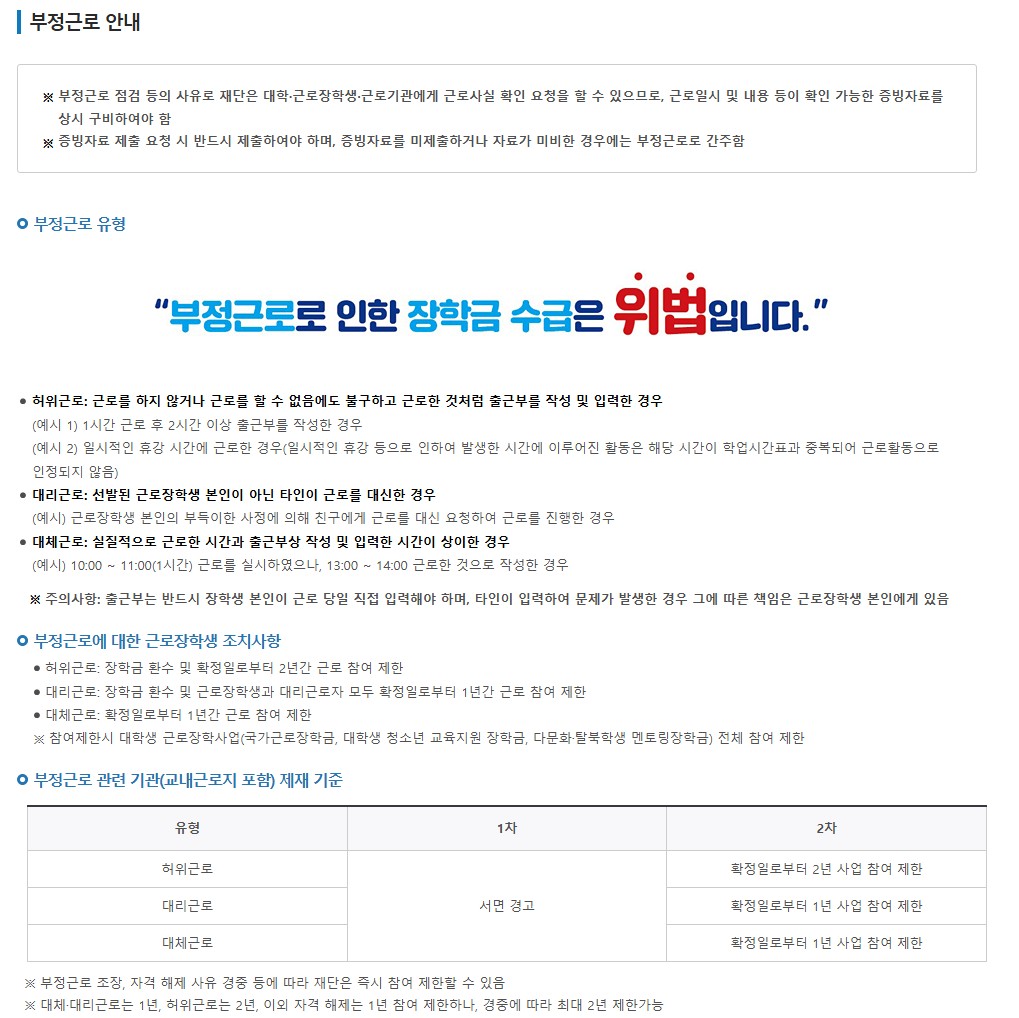| 교외 근로 | 12,430원 | 주당 20시간 (방학 중 최대 40시간 가능) |
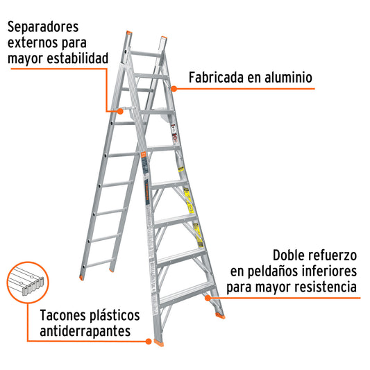 Proveedor:TruperEscalera convertible, tipo ll, 15 escalones, TRUPER, 16747Fabricada en aluminio Separadores externos para mayor estabilidad Doble refuerzo en peldaños inferiores para mayor resistencia *Alcance máximo para una...
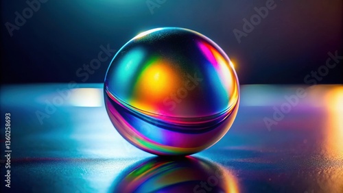 A vibrant iridescent sphere rests on a reflective surface, showcasing a spectrum of colors under dynamic lighting conditions
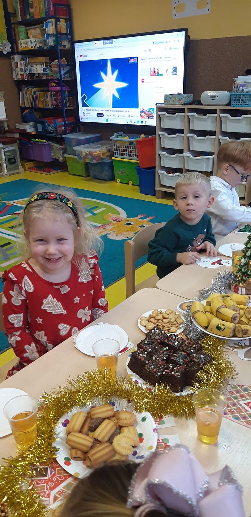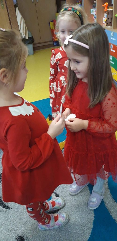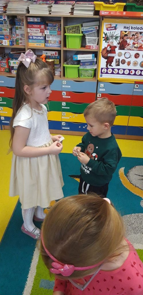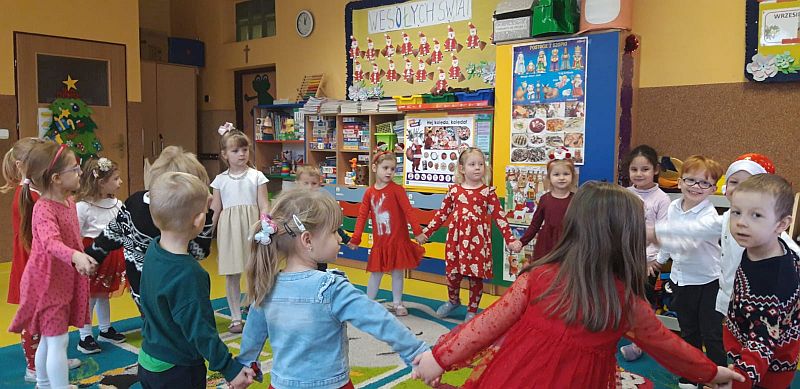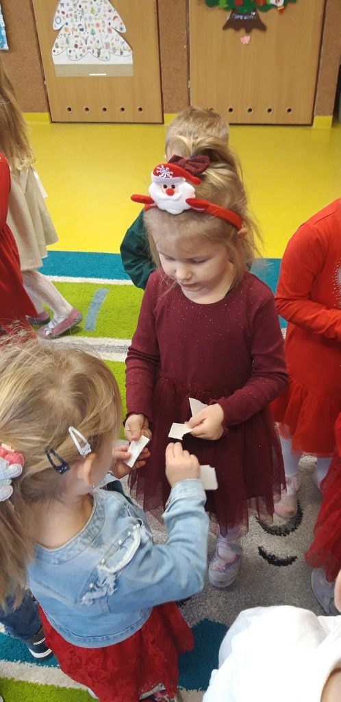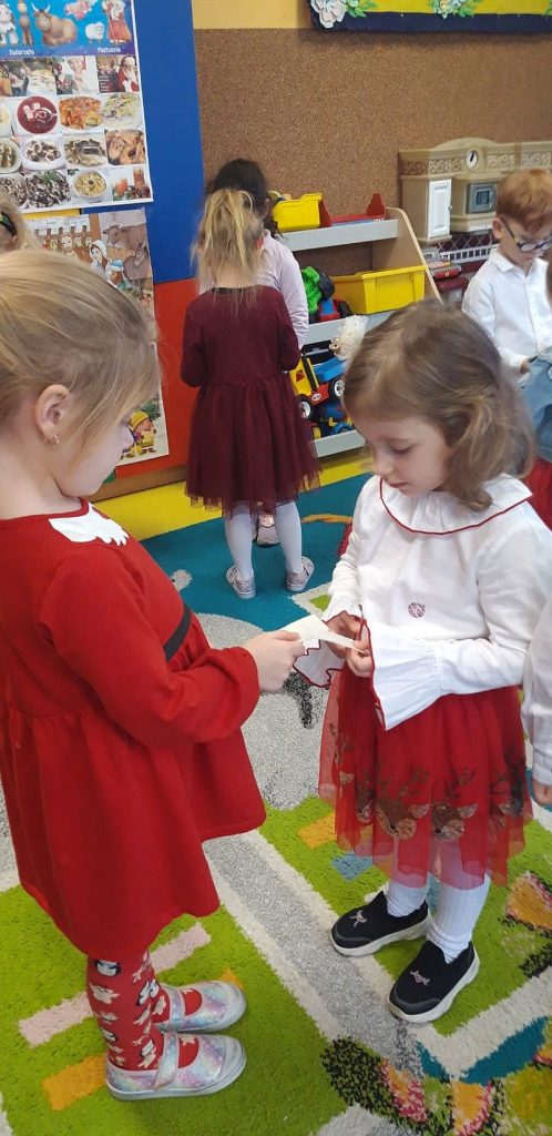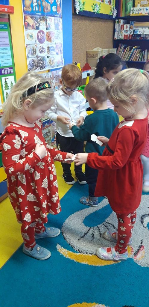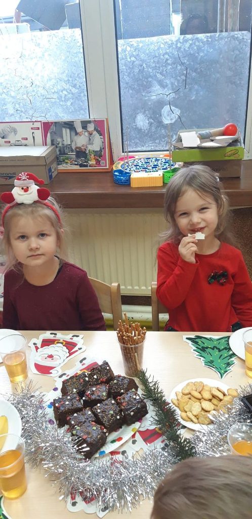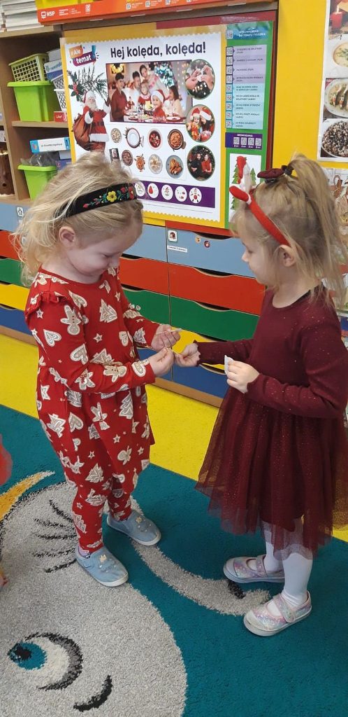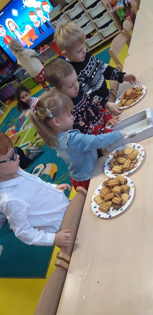 Zaśpiewaliśmy kolędy, złożyliśmy życzenia i podzieliliśmy się opłatkiem. Na zakończenie usiedliśmy do stołu i zajadaliśmy się smakołykami. Podziękowania dla rodziców za przygotowanie poczęstunku.

_PROBLEM TO SOLVE_:
Transcribe the listing above verbatim. Omit the pictures.

_RESULT OF THIS EXERCISE_:
| 교외 근로 | 12,430원 | 주당 20시간 (방학 중 최대 40시간 가능) |
 Proveedor:TruperEscalera convertible, tipo ll, 15 escalones, TRUPER, 16747Fabricada en aluminio Separadores externos para mayor estabilidad Doble refuerzo en peldaños inferiores para mayor resistencia *Alcance máximo para una...
 A vibrant iridescent sphere rests on a reflective surface, showcasing a spectrum of colors under dynamic lighting conditions
 Zaśpiewaliśmy kolędy, złożyliśmy życzenia i podzieliliśmy się opłatkiem. Na zakończenie usiedliśmy do stołu i zajadaliśmy się smakołykami. Podziękowania dla rodziców za przygotowanie poczęstunku.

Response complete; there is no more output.